Ice fishing seminar scheduled for Sunday November 24th from 1pm -3pm hosted by Scott Albrecht AKA "Ice Pro From Ohio". Please let me know if you can attend.........Mark

Mark's Live Bait-Tackle And Ammo
7231 ST RT 14
Ravenna,Ohio 44266
330-296-3474 Shop
330-221-5213


----------



## Evinrude58 (Apr 13, 2011)

Sounds good, will plan on being there.


----------



## Erieangler51 (Sep 24, 2012)

Will plan on being there!!!!


Posted using Outdoor Hub Campfire


----------



## bassmastermjb (Apr 8, 2004)

Keep them coming, I need at least 13 more for the seminar.........Mark


----------



## Jigging Jim (Apr 3, 2010)

What does it Cost to Attend?


----------



## bassmastermjb (Apr 8, 2004)

Jim, it's free, doesn't cost anything...............Mark


----------



## Jigging Jim (Apr 3, 2010)

I will attend. I am also bringing a Guest... so add 2 to the List.


----------



## SlabSlayR (Jan 23, 2012)

I would attend but Ravenna is a 250 mile round trip for me. I wish it was closer to the Columbus area.


----------



## SlabSlayR (Jan 23, 2012)

If you do have this seminar is there anyway it can be recorded for those of us who are unable to attend? It could be posted on here for us to watch.


----------



## ballast (Sep 15, 2011)

Sure, any free gifts or raffle???? Will there be any 2lb abrasenex floro?


----------



## Minnowhead (Jan 12, 2011)

I will be watching this on Sunday from 1-3pm!!! LETS GO BROWNS!!!


----------



## ErieRider (Mar 23, 2010)

Topics covered and background on the presenter available????

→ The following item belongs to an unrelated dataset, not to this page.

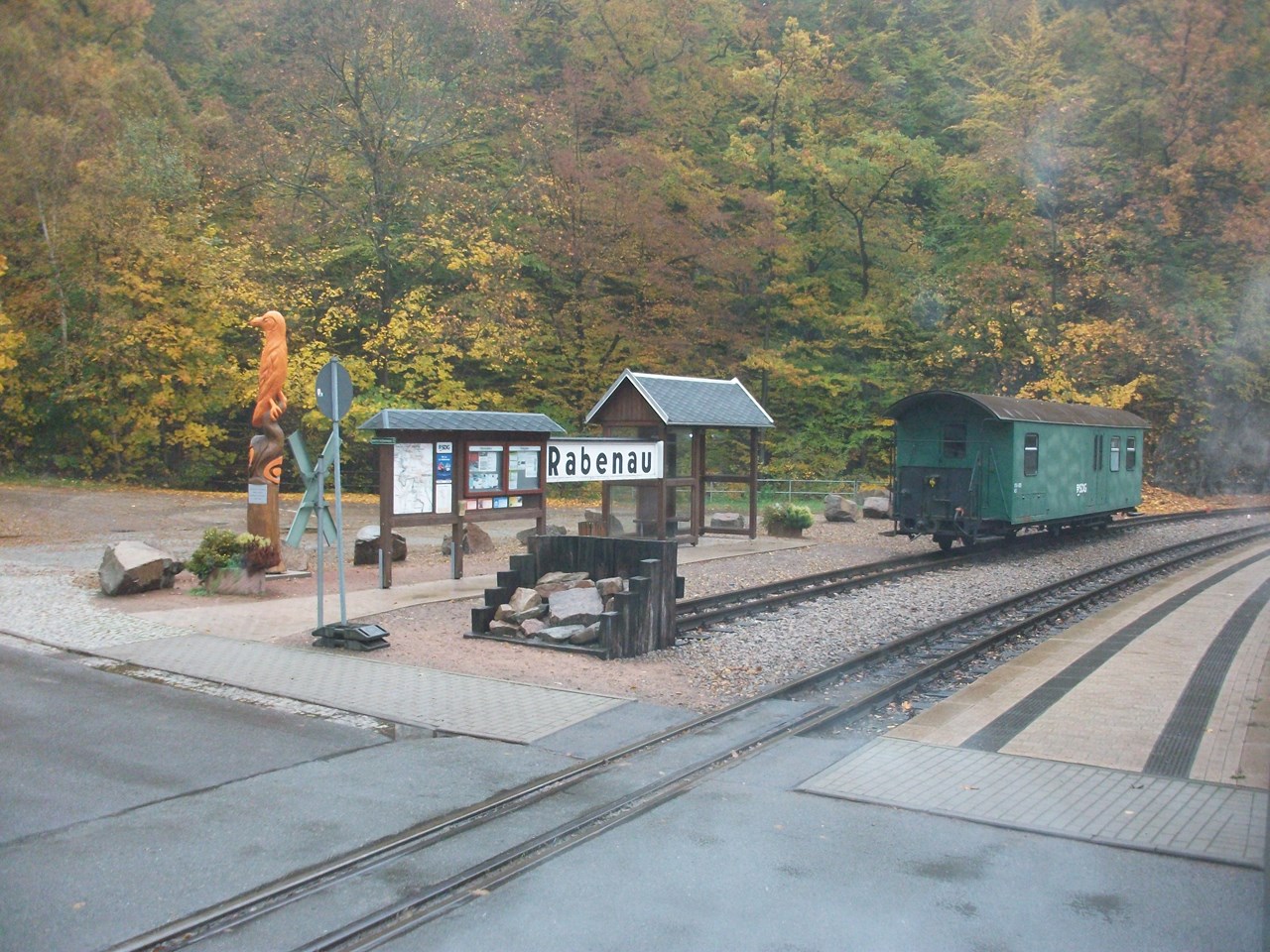 📝Dampfnostalgie 1 : Bahnhof RabenauStage 2 of 5 Sequence: Random Der Bahnhof Rabenau (Km 5,2 / 249 m ü. NN) ist ein Kreuzungsbahnhof, denn auf der eingleisigen Strecke werden ein paar Stellen benötigt, an denen Züge aneinander vorbeifahren können.

Sent from my DROID RAZR using Ohub Campfire mobile app


----------



## bassmastermjb (Apr 8, 2004)

Erie, just spoke with Scott regarding this weekend. He wants the guys attending to ask the questions or to decide what they want him to talk about........Mark


----------



## bassmastermjb (Apr 8, 2004)

Ice Fishing for me started 20 years ago in Michigan with Harry Wald (Ficious Jigs Owner) who taught me everything I know on Lake St. Clair.

Moving from Michigan to Port Clinton, Oh gave me access to some of the best fishing areas in the state on Lake Erie. From there I moved to Central Ohio and have pushed the envelope on what works and doesn&#8217;t work on the hard water, bringing my bag of tricks from Michigan and Lake Erie, I quickly became known on the local bodies of water.

In 2008, I created a face book page dedicated to Ice Fishing in Ohio as I saw the need for a forum that was strictly for Ohio. At the same time, David Hoheisel was creating IceFishOhio.com and invited me to be on his pro staff. I took second place in their first ice fishing tournament and earned the respect of the other pro staff members on the site.

Since then I have become somewhat of a local celebrity with great companies supporting me like Vicious Fishing and PK Lures. My weekends are booked year round with seminars especially during ice season. And when I am not talking about ice fishing on my blog, website, forums, facebook, videos, media publications etc...I am taking newbies on the ice and teaching them how to ice fish!

My goal is two fold..

1.) Teach others how to ice fish safely in Ohio and get the newest products in the industry into the hands of Ohio fisherman.

2.) Ohio tends to fall off the radar for soft water and hard water fishing I want to work on putting it back on the map!

I also have an upcoming article with Crappie World magazine in December and a new Facebook page and website.


----------



## Daego Doug (May 31, 2009)

Mark,it looks like i'll be able to make it.might have bro in law also

Is it still on?


----------



## icebucketjohn (Dec 22, 2005)

may stop by, but cant stay for the entire program. I'll be on the clock.


----------



## RedJada (Jun 21, 2009)

Stopped by yesterday evening to get some pro-pane. We will try to be there for the seminar. Still want to give this ice fishing a shot. May even have some fresh smoked bacon for you Mark.


----------



## Evinrude58 (Apr 13, 2011)

Was a good seminar.


----------



## Jigging Jim (Apr 3, 2010)

Thanks, Mark!


----------



## Coach (Apr 15, 2004)

Thanks for the the seminar Mark. Realy enjoyed it and thought it was well done. Coach


----------



## fishingful (Apr 5, 2004)

Good seminar mark


----------